TASK OBJECTIVE ▸
Both the line below containing "Selection of fire" and the line containing "9月21日下午,物理系党总支", along with every line between them, should be repeated exactly; no other line belongs in the answer.

DATASET RECORDS ▸

--------------------

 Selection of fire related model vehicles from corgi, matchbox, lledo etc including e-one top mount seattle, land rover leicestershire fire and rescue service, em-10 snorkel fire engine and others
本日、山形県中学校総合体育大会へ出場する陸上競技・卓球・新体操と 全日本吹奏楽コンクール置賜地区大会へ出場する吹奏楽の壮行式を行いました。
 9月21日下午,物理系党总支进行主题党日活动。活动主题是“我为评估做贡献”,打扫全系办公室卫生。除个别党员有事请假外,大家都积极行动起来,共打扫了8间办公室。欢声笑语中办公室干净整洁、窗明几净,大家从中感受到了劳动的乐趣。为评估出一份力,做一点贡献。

--------------------

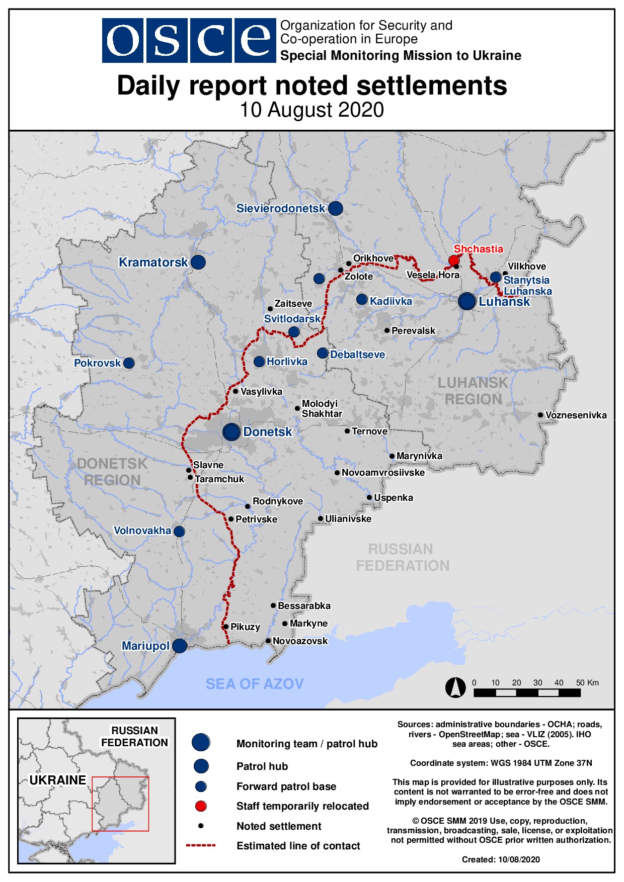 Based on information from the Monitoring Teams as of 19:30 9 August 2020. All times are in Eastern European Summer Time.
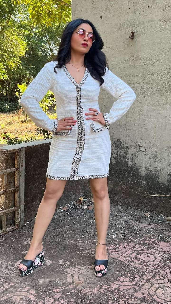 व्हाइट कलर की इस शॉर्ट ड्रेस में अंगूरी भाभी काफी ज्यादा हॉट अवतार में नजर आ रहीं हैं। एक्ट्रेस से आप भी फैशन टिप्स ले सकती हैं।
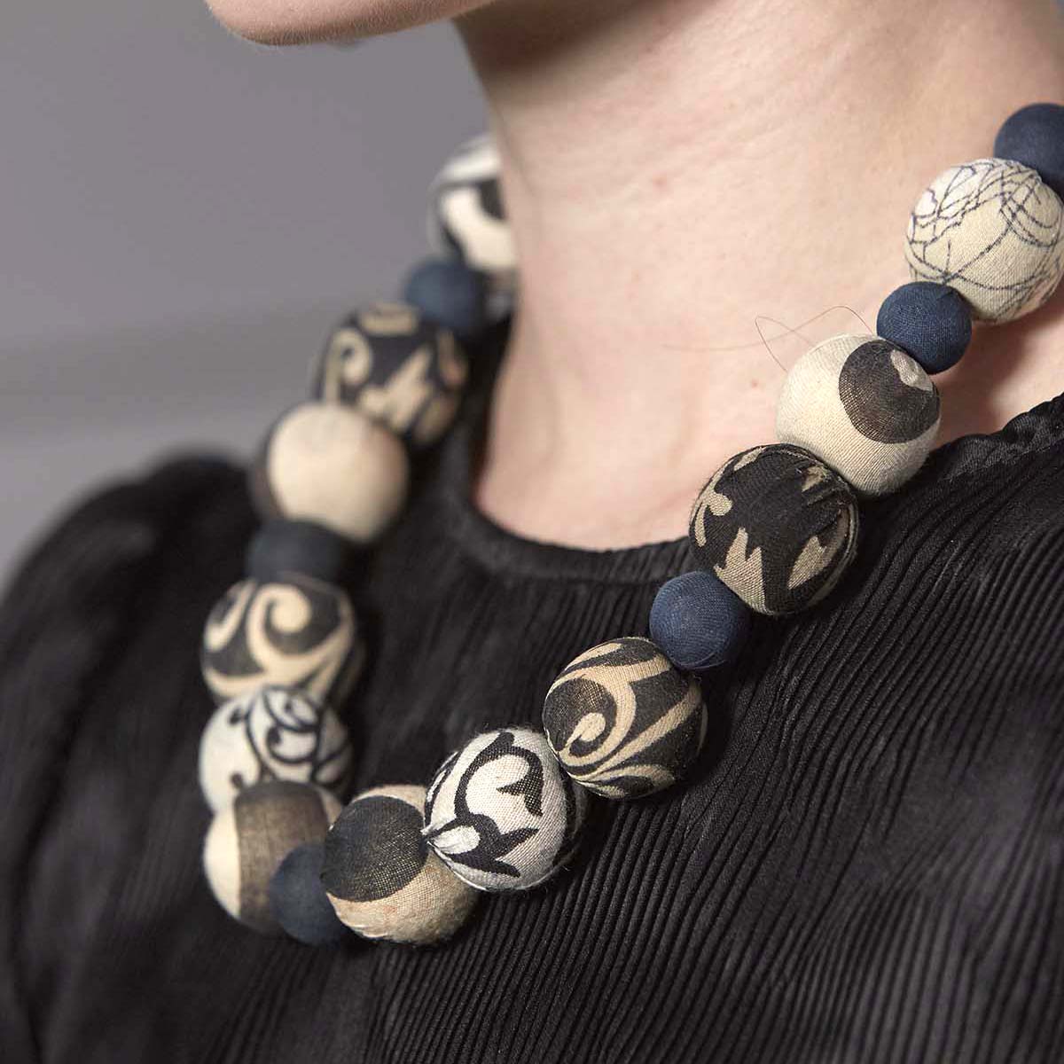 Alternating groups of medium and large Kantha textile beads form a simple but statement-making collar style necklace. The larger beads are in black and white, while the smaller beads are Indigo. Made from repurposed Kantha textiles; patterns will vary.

--------------------

ANSWER ▸
 Selection of fire related model vehicles from corgi, matchbox, lledo etc including e-one top mount seattle, land rover leicestershire fire and rescue service, em-10 snorkel fire engine and others
本日、山形県中学校総合体育大会へ出場する陸上競技・卓球・新体操と 全日本吹奏楽コンクール置賜地区大会へ出場する吹奏楽の壮行式を行いました。
 9月21日下午,物理系党总支进行主题党日活动。活动主题是“我为评估做贡献”,打扫全系办公室卫生。除个别党员有事请假外,大家都积极行动起来,共打扫了8间办公室。欢声笑语中办公室干净整洁、窗明几净,大家从中感受到了劳动的乐趣。为评估出一份力,做一点贡献。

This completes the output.